Monday, Aug. 24, 1953
Man Without a Country
DEAD MAN IN THE SILVER MARKET (203 pp.)--Aubrey Menen--Scribner ($3).
"Man that is born of a woman is of few days, and full of trouble," lamented Job. But trouble fairly brims over when a man is born, as was Aubrey Menen, of an Irishwoman and a Hindu, is registered as a native Briton and educated like a true-born Englishman. Beset by so many distorting mirrors, such a man is bound to see the baffling jigsaw puzzle of his identity with either tears or laughter. Novelist Menen (The Prevalence of Witches, The Duke of Gallodoro) chooses laughter.
It is not the sort of hearty comedy that rolls 'em in the aisles, but a Deep Freeze mixture of the sardonic and the downright mean. Dead Man in the Silver Market* is ostensibly an autobiographical treatise on what happens to patriotic ardor when it becomes decadent and jingo. But it reads more like a sharp essay by a man who has no country to be patriotic about.
The English, says Menen, did not shun or scorn the dark-skinned little boy who grew up among them. On the contrary, they tried their best to make him feel at home--and tried so hard that he felt just the opposite. Menen's schoolteachers assured him that, despite his Indian complexion, he was heir, "by virtue of my birth certificate," to all the wonderful inner characteristics that made Englishmen the most cultured, most advanced, most notable people in the world. They even argued that, despite his Indo-Irish parentage, he had, if he tried hard, an excellent chance of growing into an honest man.
In 1924, when Menen was twelve, he was summoned to India by his grandmother, a formidable, high-caste Hindu of Malabar, whose views were quite unlike his English teachers' but equally definite.
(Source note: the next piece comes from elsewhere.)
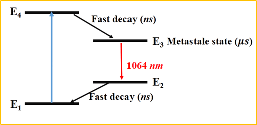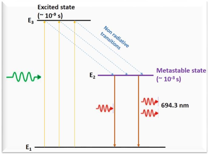 EXTRA Information: Refer to figure above, when a suitable energy is supplied to the system, atoms get excited into E3. After their lifetime the atoms are transit into E2. Due to more lifetime of an atom in state E2 (as it is a metastable state), the atoms stay here for longer time than compared to state E3. Because of the accumulation of atoms in state E2, the state of population inversion is achieved between states E1 and E2.

She received him "formally," i.e., seated on the floor (she considered chairs unspeakably vulgar), with "her breasts completely bare." "A wife who dressed herself above the waist," she explained, "could only be aiming at adultery."
Grandma carried Menen's confusion a step further by explaining why no decent Hindu could want to become a Briton. The British were so foul and insensitive a race that they never bathed more than once a day, and thought nothing of actually sitting in their dirty bathwater. Lewdness and promiscuity they accounted virtues, for which reason they permitted their children to marry only when they were long past the age of chastity. They were so shameless that instead of retiring to a dark corner to eat, they engorged grossly at a public table, where all & sundry might witness the repellent act of mastication. Nothing, concluded Grandma, could redeem Menen's Irish mother (to whom she always referred flatly as "the Englishwoman," much irking Mrs. Menen). but if Aubrey wanted to become a true son of Malabar and inherit the family wealth, it was not too late. He had only to quaff a goblet of sacred cow's urine and "the sad accident of being born in London" would be forgotten.
But poor young Menen could not down the "magic potion." Too Indian ever to be English, too much a John Bull to fancy sacred cows, Menen stumbled on into displaced maturity. Out of fairness, he made one effort to see if De Valera's Eire were perhaps his true homeland; but a tour of the country on which he was asked to admire 200 "crosses of white marble," each inscribed: A MARTYR TO BRITISH IMPERIALISM, turned him positively black & tan with irritation.
Menen now lives in a sunny villa near Naples, where no one, presumably, bothers to assure him that he is Indian, English, Irish or, indeed, anything but himself.' The remainder of his book is composed of scathing studies of British and Indian follies and foibles, and gibes at the intolerant, absurd dogma which racial smugness arouses in people of every race. Dead Man is coldly planned and excellently written, but it has one (characteristically English) weakness which takes much of the punch out of it. This is Author Me-nen's insistence that his hybrid self is a purely satirical and intellectual matter. Betraying suffering or pain, he evidently feels, would be as improper as being caught sitting in one's dirty bathwater.
* The title is drawn from an episode in which an Indian is killed by a British soldier in Old Delhi's silver market.